# What is expected
From the records below, print only the part that opens with the line containing "Minimalist kitchen setup" and closes with the line containing "Säljer ett par"; omit the pictures.

# Data
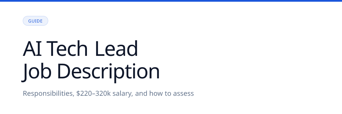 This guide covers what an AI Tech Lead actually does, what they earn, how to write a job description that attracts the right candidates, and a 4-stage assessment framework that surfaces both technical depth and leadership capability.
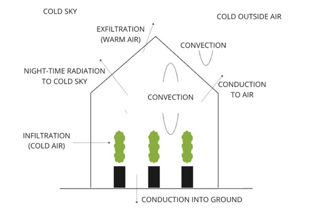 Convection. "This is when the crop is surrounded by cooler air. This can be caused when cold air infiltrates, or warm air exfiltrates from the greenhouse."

==

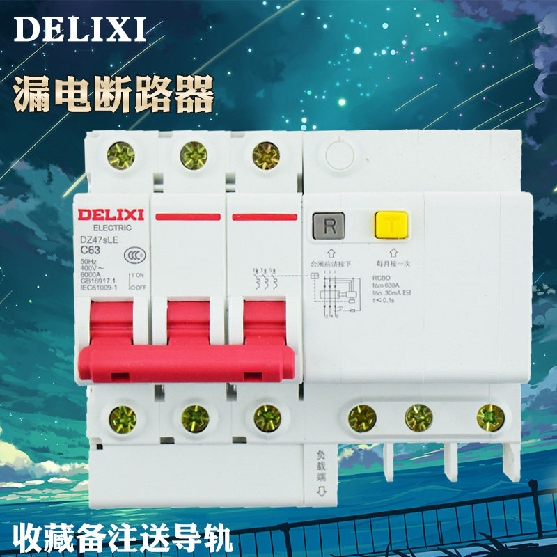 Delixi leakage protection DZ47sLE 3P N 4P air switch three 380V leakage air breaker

==

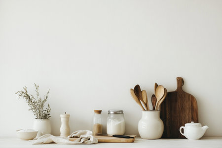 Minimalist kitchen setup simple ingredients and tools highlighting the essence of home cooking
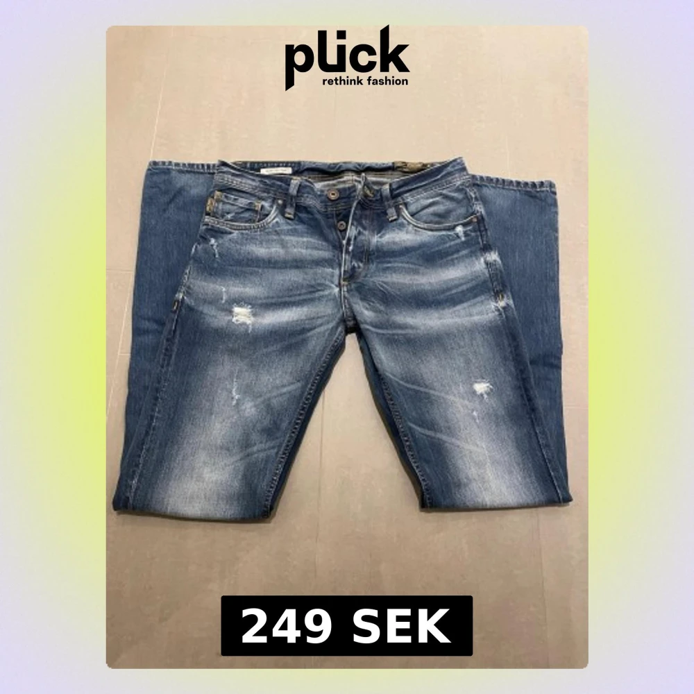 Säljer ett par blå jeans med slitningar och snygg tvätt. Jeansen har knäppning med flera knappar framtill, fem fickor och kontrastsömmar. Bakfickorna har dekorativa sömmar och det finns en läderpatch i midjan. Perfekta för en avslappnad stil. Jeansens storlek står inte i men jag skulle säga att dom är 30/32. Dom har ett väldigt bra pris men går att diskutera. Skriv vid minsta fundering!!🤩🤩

# Task output
 Minimalist kitchen setup simple ingredients and tools highlighting the essence of home cooking
 Säljer ett par blå jeans med slitningar och snygg tvätt. Jeansen har knäppning med flera knappar framtill, fem fickor och kontrastsömmar. Bakfickorna har dekorativa sömmar och det finns en läderpatch i midjan. Perfekta för en avslappnad stil. Jeansens storlek står inte i men jag skulle säga att dom är 30/32. Dom har ett väldigt bra pris men går att diskutera. Skriv vid minsta fundering!!🤩🤩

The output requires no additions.